→ THE PROBLEM
A faithful, picture-free copy of the listing below is required.

→ DATA BLOCK
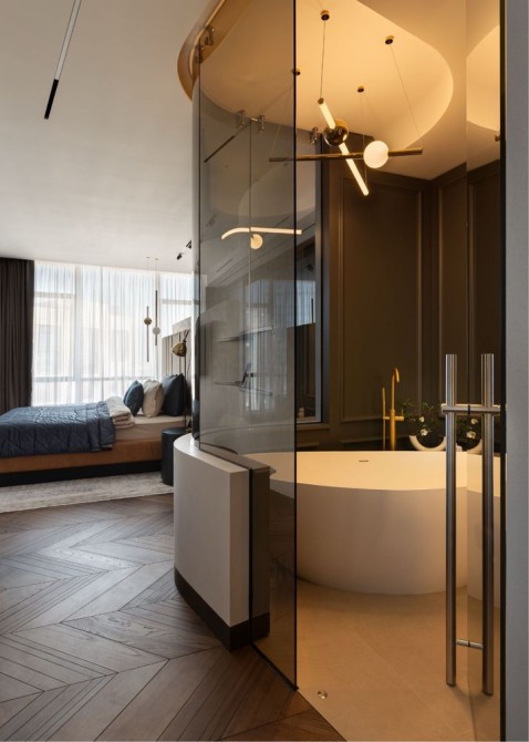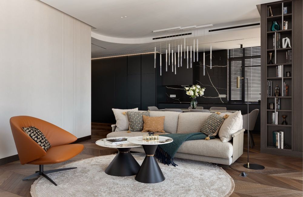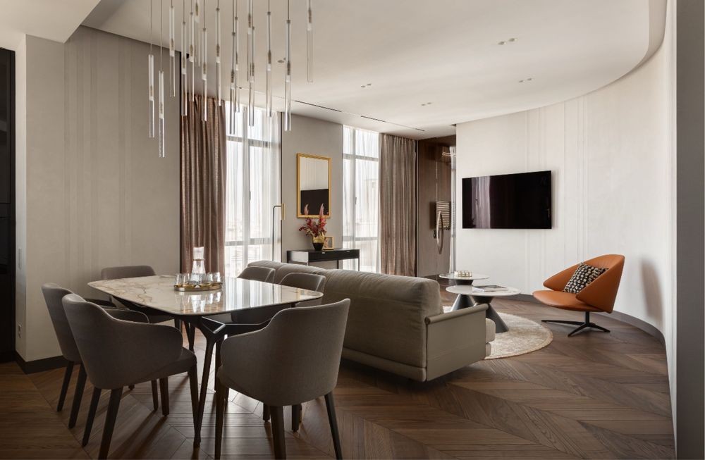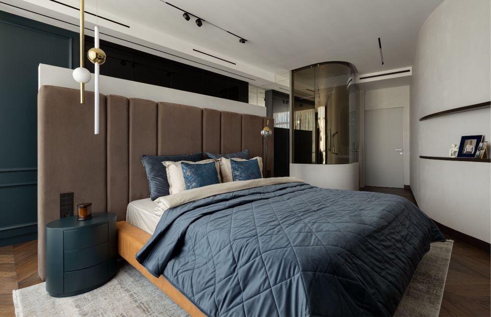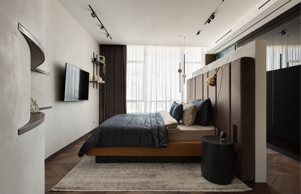 Планування: спальня з санвузлом і гардеробною, кухня-студія, гостьова спальня/кабінет, гостьовий с/в, великий хол зі сховищем.
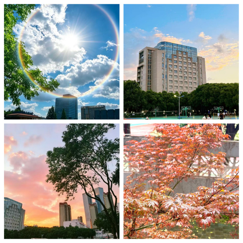 聚焦校园标志性场景,教学楼、图书馆、校道等地标在镜头下尽显独特韵味。《四季序章》《春与冬的序章》《秋染金梧,春绽粉枝》等作品,细腻捕捉春日繁花、秋日落叶、晴雪交替的四季变换;《日晕风光》《落日熔金,校园未晚》《云端落橘》定格晚霞、日晕等限定美景,《雨中的绯红信笺》记录雨后校园的清新诗意;《被阳光偏爱的角落》《校园风景角》则发现林荫道、走廊光影等角落小美好,让校园景致绽放动人光彩。
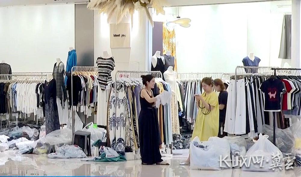 仲夏时节,京津冀(固安)国际商贸城里热闹非凡,来自全国各地的客商穿梭于服装档口之间,选购心仪的商品。
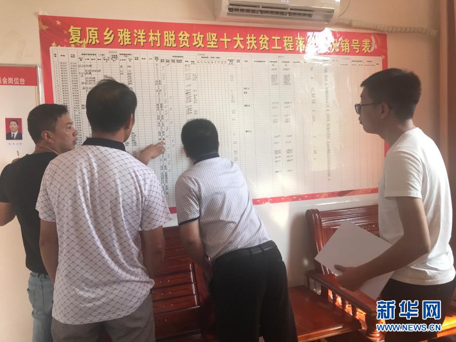 吳應(yīng)譜(右一)在雅洋村和同事研究扶貧工程落實情況(資料圖片)。新華社發(fā)(修水縣委宣傳部供圖)

→ ANSWER BOX
 Планування: спальня з санвузлом і гардеробною, кухня-студія, гостьова спальня/кабінет, гостьовий с/в, великий хол зі сховищем.
 聚焦校园标志性场景,教学楼、图书馆、校道等地标在镜头下尽显独特韵味。《四季序章》《春与冬的序章》《秋染金梧,春绽粉枝》等作品,细腻捕捉春日繁花、秋日落叶、晴雪交替的四季变换;《日晕风光》《落日熔金,校园未晚》《云端落橘》定格晚霞、日晕等限定美景,《雨中的绯红信笺》记录雨后校园的清新诗意;《被阳光偏爱的角落》《校园风景角》则发现林荫道、走廊光影等角落小美好,让校园景致绽放动人光彩。
 仲夏时节,京津冀(固安)国际商贸城里热闹非凡,来自全国各地的客商穿梭于服装档口之间,选购心仪的商品。
 吳應(yīng)譜(右一)在雅洋村和同事研究扶貧工程落實情況(資料圖片)。新華社發(fā)(修水縣委宣傳部供圖)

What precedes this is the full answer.